Agave and Frankendancer ship new versions every 2-3 months. Shelf-life tracks how long each version maintains supermajority before being replaced. Recent Agave versions turn over every 85 days on average, Frankendancer every 53 days.
By contrast, Ethereum's Geth averages 340 days, and the original Solana client had a turnover of 120 days before Agave.
Part II.A - Stake
1 in 5 Solana validators now runs Frankendancer. The number of validators running Frankendancer grew from 6 at the start of the year to 201 by September 30, representing over 20% of all validators.
Frankendancer grows past 20% of stake as Agave loses ground. Frankendancer's share of total stake grew 60% month-over-month and is now equal to one-fifth of total stake. This growth came at the expense of Agave Jito and Paladin, which fell to 71% and 6% of stake, respectively.
Part II.B - Priority Fees
Frankendancer blocks capture more high-value transactions. Average priority fees per block reveal Frankendancer Jito leading at 0.0245 SOL, about 10% higher than Agave Jito and Paladin.
Higher priority fees indicate Frankendancer blocks contain a greater share of valuable user transactions.
Priority fees converge across clients as activity wanes. Average fees by client have converged throughout 2025.
January saw Frankendancer Vanilla 80% above Agave Vanilla and Agave Jito 40% above Agave Vanilla.

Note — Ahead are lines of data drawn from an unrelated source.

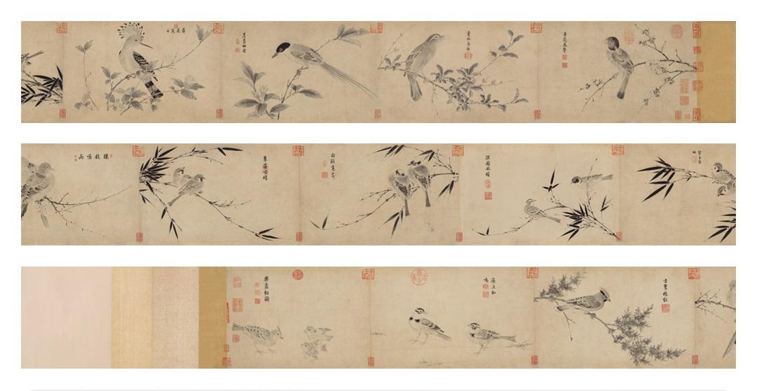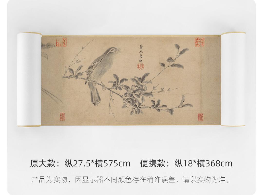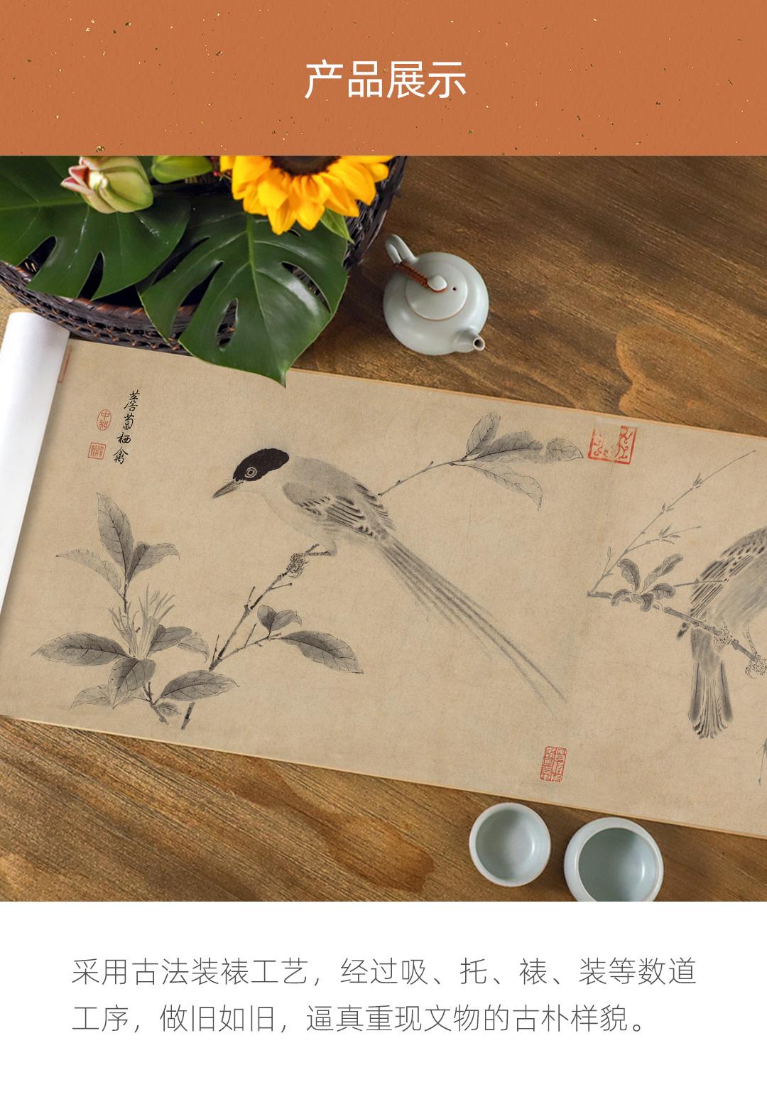 宋徽宗《写生珍禽图》简版手卷,原作超清复刻,特制宣纸画芯托裱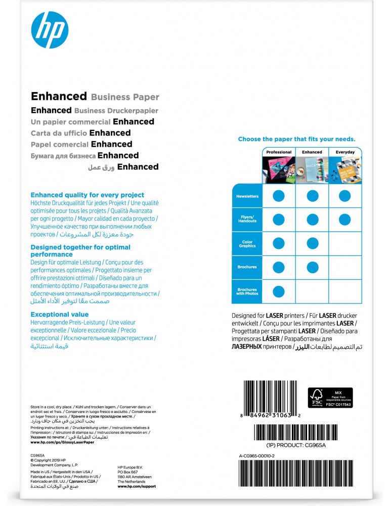 Hârtia laser lucioasă HP Professional are un finisaj uniform şi lucios care asigură documentelor culori bogate şi un aspect de înaltă calitate. Obţineţi performanţe optime cu imprimantele HP Color LaserJet. Compatibilă cu majoritatea celorlalte imprimante laser şi copiatoare.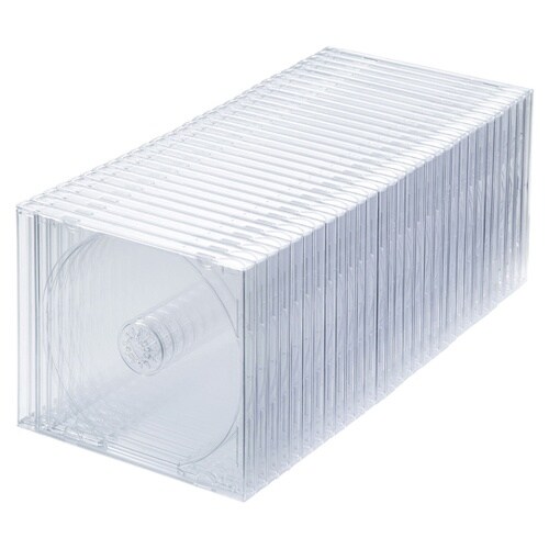 一般的な音楽CDのケースと同じ厚さ10mmのプラケースです。100%バージンPS樹脂材を使用しており臭いが少なく耐久性も高い高品質なプラケースです。 |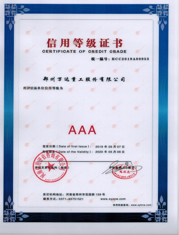 2019年5月7日,河南信用評估咨詢有限公司簽發(fā)AAA主體信用等級證書授予鄭州萬達重工股份有限公司。在2019年的AAA主體信用評級中,鄭州萬達重工股份有限公司順利通過復審,榮獲AAA信用等級證書,保持了連續(xù)多年的AAA信用等級。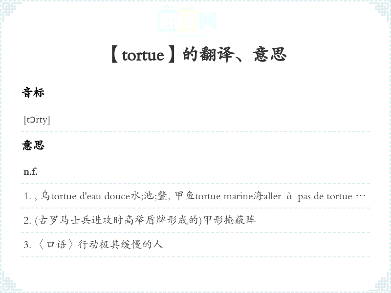 , 乌tortue d'eau douce水;池;鳖, 甲鱼tortue marine海aller à pas de tortue , aller comme une tortue 〈转义〉走得极慢Quelle tortue , c'est une vraie tortue !〈转义〉慢得真像乌!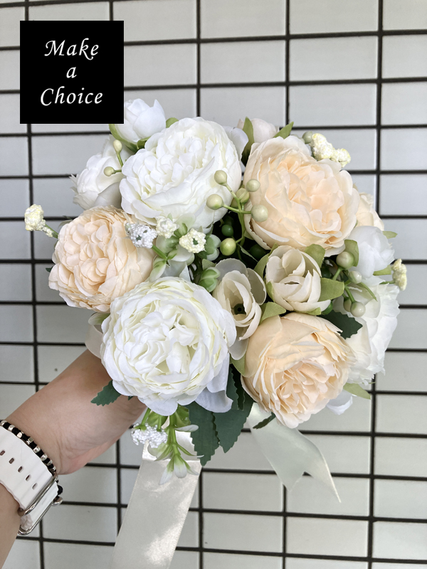 H230501【現貨】韓式小束波斯玫瑰絹花仿花蝴蝶結綁帶小束手捧花新娘捧花【白+香檳色】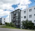 A modern, large, white building, with multiple floors and windows, it looks like an apartment building.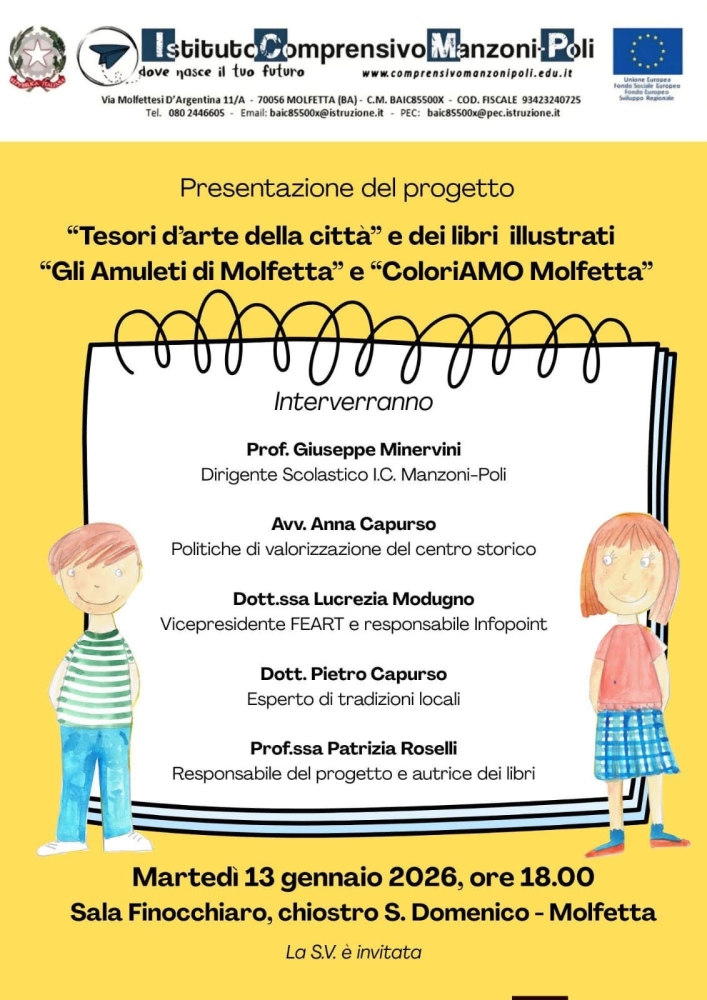 Da questa semplice domanda nasce il Progetto “Tesori d’arte della città”, un percorso educativo che invita a riscoprire il patrimonio storico e artistico di Molfetta attraverso lo sguardo curioso dei più giovani.

By September, the range compressed to just 15% between top performer Frankendancer Jito and bottom performer Agave Vanilla.
Validator optimizations can eclipse client differences. Frankendancer Jito validators average higher fees, with 95% exceeding the network median versus only 40% for Agave Jito and Paladin.

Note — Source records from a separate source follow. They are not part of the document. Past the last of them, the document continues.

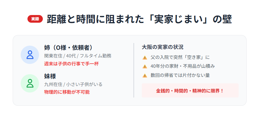 今回は、関東と九州にお住まいのO様姉妹が、大阪にあるご実家の売却問題を「まるごと買取パック」でスマートに解決された実例をご紹介します。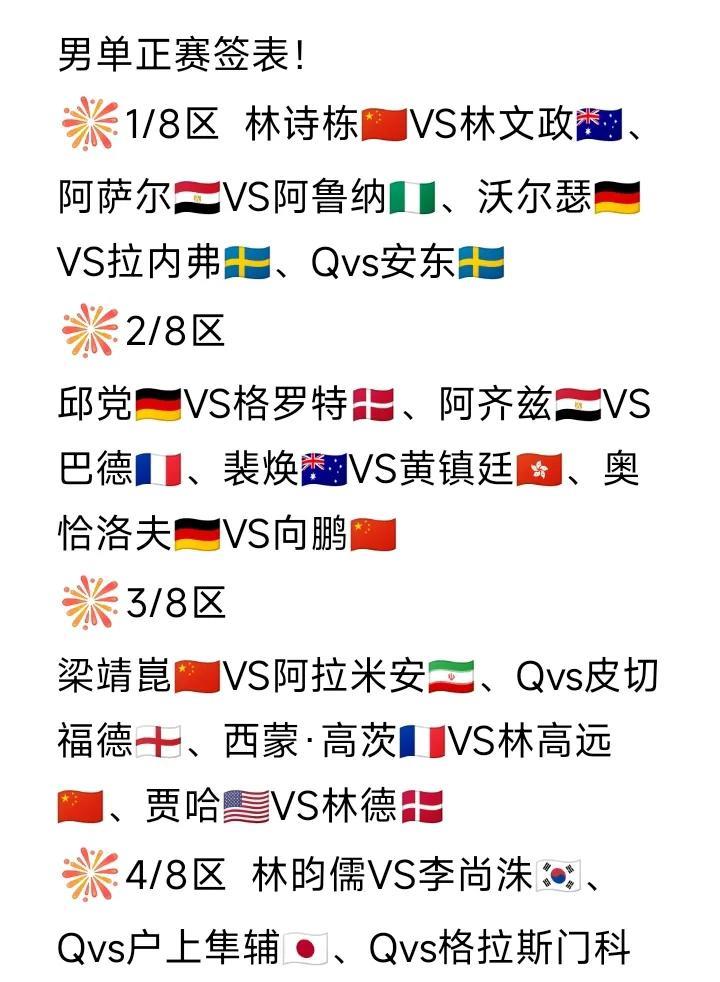 男单签表发布! WTT欧洲大满贯瑞典站男单正赛签表如图所示。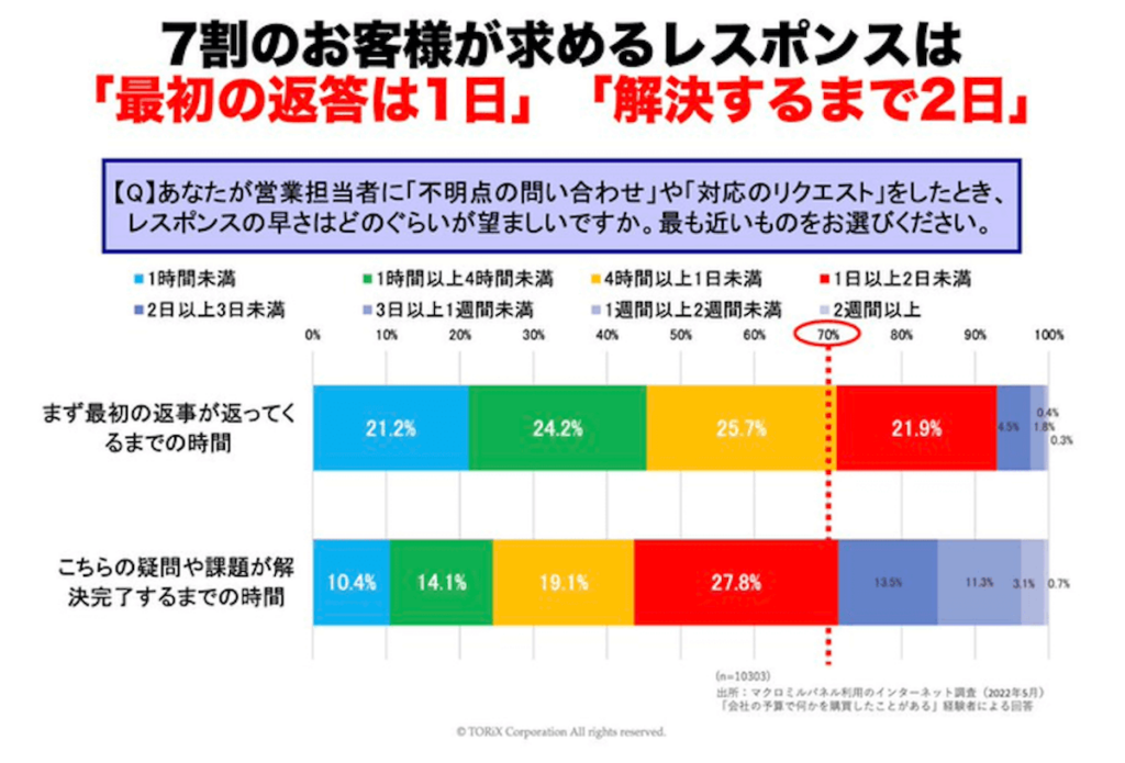 弊社が実施した「お客様1万人調査」では、7割のお客様が「最初の返答は1日以内」「解決までは2日以内」のレスポンスを求めています。「1日以内の返信」を心がける営業は多いものの、「2日以内の解決」については課題が残ります。商談で受けた宿題を「次回の打ち合わせで」と先送りにすると数日が経過してしまうため、「電話とメール」での迅速な解決が望ましいとされています。

However, the widest performance gaps still exist within clients, not between them. All top 3 and bottom 3 performers run Agave Jito, with the best (GUdrZwgT at 0.038 SOL) earning 2.1x the worst (HLXxkmjb at 0.018 SOL).

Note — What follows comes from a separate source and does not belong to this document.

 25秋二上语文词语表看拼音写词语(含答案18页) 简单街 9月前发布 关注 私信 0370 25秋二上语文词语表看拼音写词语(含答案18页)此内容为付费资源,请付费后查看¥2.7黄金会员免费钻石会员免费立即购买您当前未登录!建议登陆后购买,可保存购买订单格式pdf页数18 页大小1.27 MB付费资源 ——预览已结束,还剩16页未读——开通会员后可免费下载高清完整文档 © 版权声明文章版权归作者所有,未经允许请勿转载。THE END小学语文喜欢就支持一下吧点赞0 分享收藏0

This suggests Frankendancer provides a baseline advantage, but exceptional validators using any client can outperform.
Part II.C - Tips
Frankendancer Jito captures 58% more tips per block. Frankendancer Jito leads average tips per block at 0.0194 SOL, 58% above Agave Jito and Paladin.
Frankendancer overtakes Agave Jito in tip capture. Transaction inclusion tips have declined across all clients as activity wanes, but relative performance has shifted.
Frankendancer Jito started 2025 trailing Agave Jito by 25%, but steadily closed the gap through the year. In August, Frankendancer took the lead, exceeding Agave Jito by 13%, then by 58% in September.
Agave Paladin closely follows Agave Jito.
Frankendancer delivers consistent MEV performance across validators. Individual MEV tips reinforce what we saw with fees: Frankendancer delivers more consistent outperformance (88% above the median vs 37% for Agave Jito), but top validators are running Agave Jito.
The best performer earns 4.5x the median and runs Agave Jito. Just as with fees, Frankendancer provides a baseline advantage while exceptional validators using any client can outperform.